Auch sein Vater war Brummi-Fahrer

Seine „Karriere“ als „Brummi-Andi“, sie begann bereits mit 13 Jahren. Seine Eltern trennten sich, da war er neun. Sein Vater, selbst Lkw-Fahrer, wurde mit dem Jungen nicht fertig. „Ich habe meinen Sohn vernachlässigt, weil ich einfach zu viel unterwegs war“, sagte er selbst. 

Der Junge aus Monheim klaute Lastwagen, auch den von seinem Vater, und lieferte sich mit der Polizei gefährliche Verfolgungsjagden. Er fuhr bis nach Holland und Südfrankreich. „Es war so geil mit 300 PS unterm Fuß, und keiner kann dich stoppen“, sagte er damals.

Fünf Mal klaute er schon damals Brummis, er gelobte immer wieder Besserung, „Ich habe viele Menschenleben riskiert, hatte oft einen Schutzengel. Ich habe Fehler gemacht”, sagte er. Dann kam im Zuge einer umstrittenen „erzieherisch therapeutischen Maßnahme“ auf die Ferieninsel Gomera. Und klaute dort erstmal den Wagen seiner Betreuerin. 

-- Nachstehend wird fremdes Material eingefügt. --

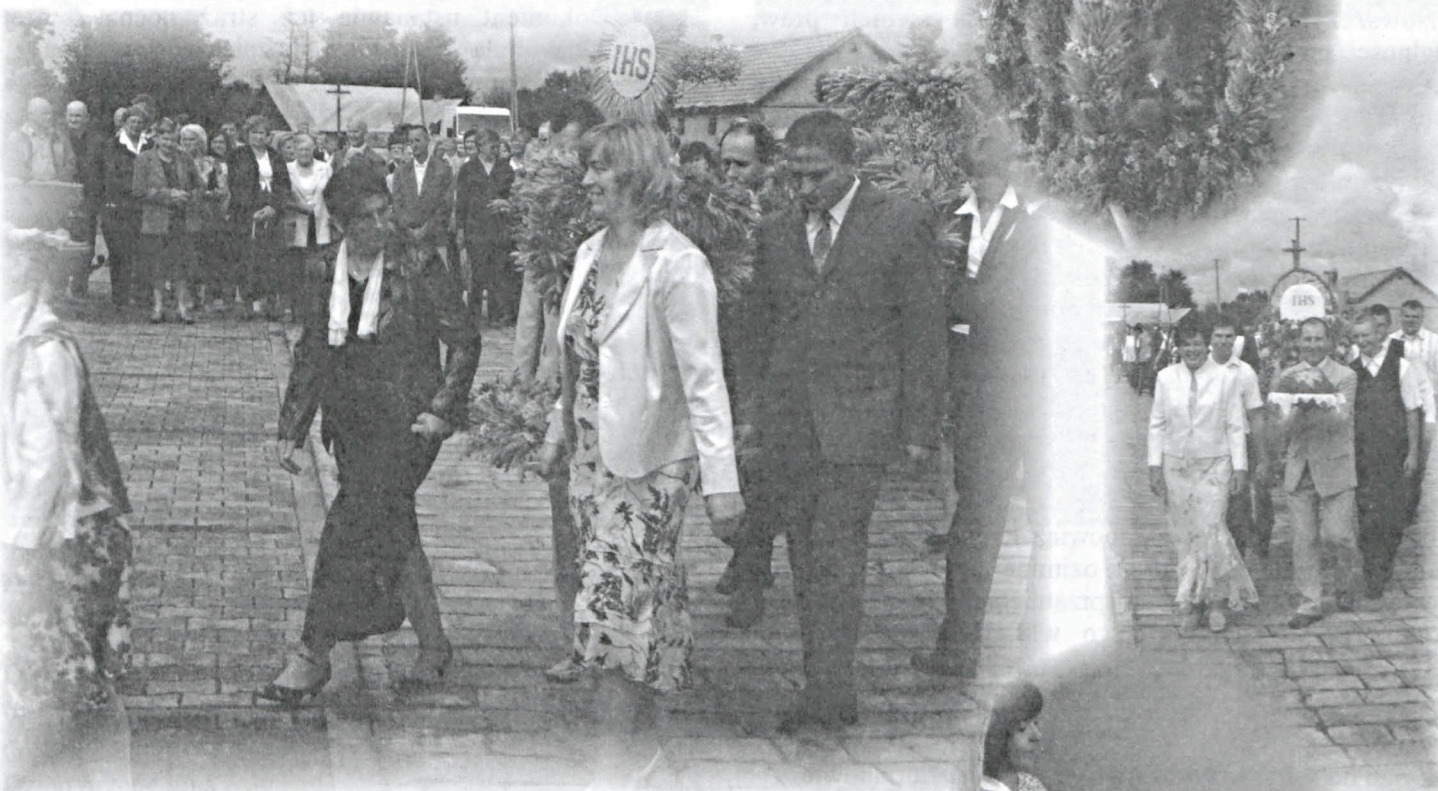
Przebiegał on w sposób bardzo spokojny i cicho, a w tym czasie wykonał Chłopa zasa daktakim wzywają w... z... z...

Der Alltag des Jungen damals: Eineinhalb Stunden Einzelunterricht in einer Sonderschule. Den Rest des Tages gammelte Andreas allein zu Hause herum. In der Schule soll er Mitschüler verprügelt haben.

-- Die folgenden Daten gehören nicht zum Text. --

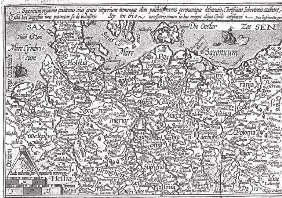
91. Brandenburg et Pomerania. 1. Saxoniae regionis quatuor ejus gentis imperiorum nomenque olim patebat, reuera germanique delineatio, Christiano Schrottenlo autore. Joan. Bussemacher exc. Marcia Brandenburgensis et Pomeraniae. I.D.(usammehr) exc.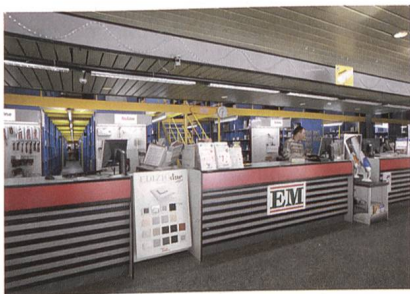
Jede der Niederlassungen von EM besitzt einen leistungsstarken Shop.

Die Elektro-Material AG als Grosshandelsunternehmen der Elektroinstallationsbranche bearbeitet mit 500 Mitarbeitenden und 8 Niederlassungen im Jahr rund 1,5 Mio. Aufträge für 10000 Kunden. Als starker Partner sichert EM die Produktverfügbarkeit und den Wissenstransfer zwischen den Herstellern und dem Fachhandel.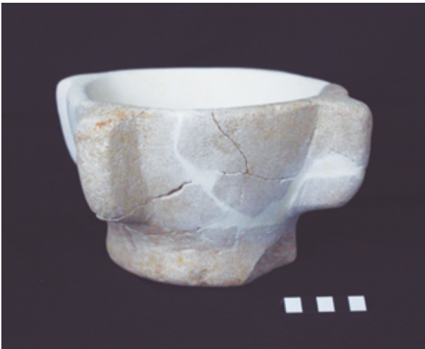
Morter de pedra (segle XIV) recuperat a l'excavació de l'església de sant Josep l'any 2000, pertanyent a l'antiga Jueria.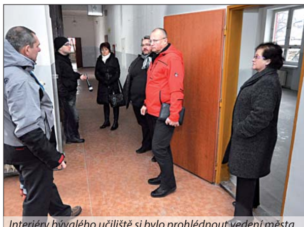
Interiéry bývalého učiliště si bylo prohlédnout vedení města.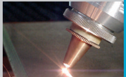
Fasenschneiden bis 45° (59°) zur Schweißkantenvorbereitung Bevel cutting up to 45° (59°) for weld preparations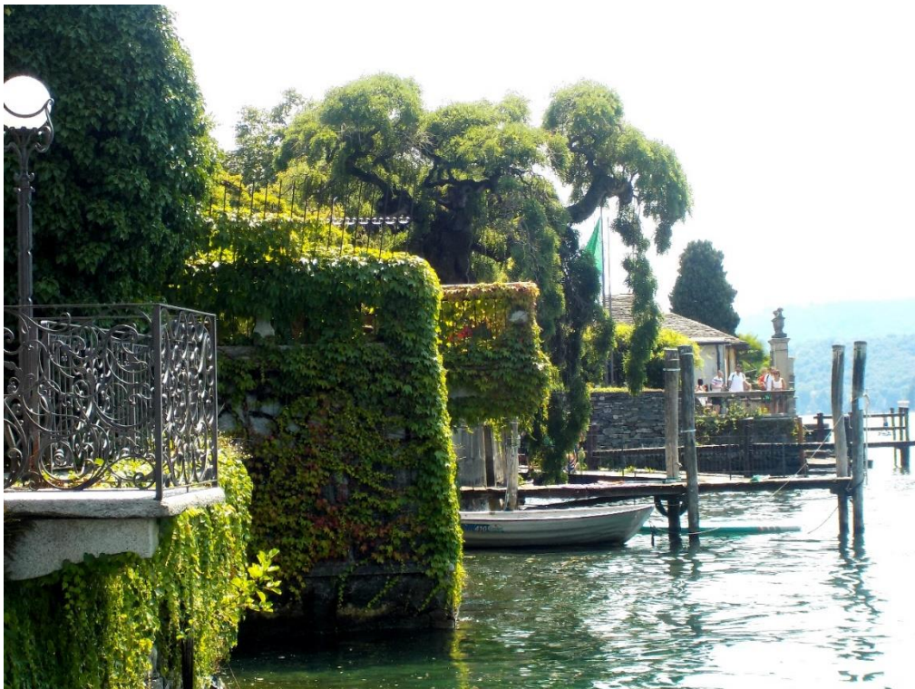
Quand la propriété privée empiète sur le lac.

2000: Andreas überfährt mit seinem Lkw einen Polizisten

Am 24. März 2000 dann der traurige Höhepunkt von „Brummi-Andi“. Er beging einen Fehler zu viel, der Beginn seiner Knast-Karriere: Wieder war er als 14-Jähriger mit einem gestohlenen Lkw unterwegs, als er in Holland einen Polizisten überfuhr und tötete. Diesmal aber war er strafmündig und kam erstmals in den Jugendknast, sieben Jahre Haft. Von Reue keine Spur: Im Gefängnis vergewaltigte er einen Mithäftling, er war 16. Trotzdem kam er nach vier Jahren auf Bewährung frei.

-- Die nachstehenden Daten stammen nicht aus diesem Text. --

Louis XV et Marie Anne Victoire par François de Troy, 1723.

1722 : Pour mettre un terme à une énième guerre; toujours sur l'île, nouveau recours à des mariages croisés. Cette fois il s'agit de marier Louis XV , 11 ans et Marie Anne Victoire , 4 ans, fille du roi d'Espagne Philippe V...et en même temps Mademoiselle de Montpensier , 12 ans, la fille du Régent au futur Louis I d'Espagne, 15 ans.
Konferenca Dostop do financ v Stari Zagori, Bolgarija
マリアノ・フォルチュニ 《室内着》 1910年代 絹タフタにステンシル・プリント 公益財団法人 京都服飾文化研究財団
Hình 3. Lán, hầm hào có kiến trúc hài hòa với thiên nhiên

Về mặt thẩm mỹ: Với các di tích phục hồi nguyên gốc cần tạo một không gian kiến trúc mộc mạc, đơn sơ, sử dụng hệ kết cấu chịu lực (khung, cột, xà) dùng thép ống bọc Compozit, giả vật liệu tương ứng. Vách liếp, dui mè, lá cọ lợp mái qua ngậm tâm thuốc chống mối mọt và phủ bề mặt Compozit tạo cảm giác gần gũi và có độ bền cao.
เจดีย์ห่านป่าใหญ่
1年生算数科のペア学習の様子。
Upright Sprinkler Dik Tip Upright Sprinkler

So ging es weiter in den letzten Jahren: Noch während seiner Bewährungsfrist hat er als 20-Jähriger einen bewaffneten Raubüberfall auf einen Wuppertaler Drogendealer verübt. Andi kannte ihn aus der JVA, sagte: „Ich war so gierig nach Drogen." 

Nachdem er und seine Komplizen an die Tür des Dealers geklopft hatten, öffnete zunächst dessen Schwester, dann stürmte die Bande mit Gaspistolen und Jagdmessern hinein. Andreas B. gesteht: „Dann haben wir alles mitgenommen, was einen Wert hatte.” Er kassierte insgesamt neun Jahre und drei Monate Jugendstrafe.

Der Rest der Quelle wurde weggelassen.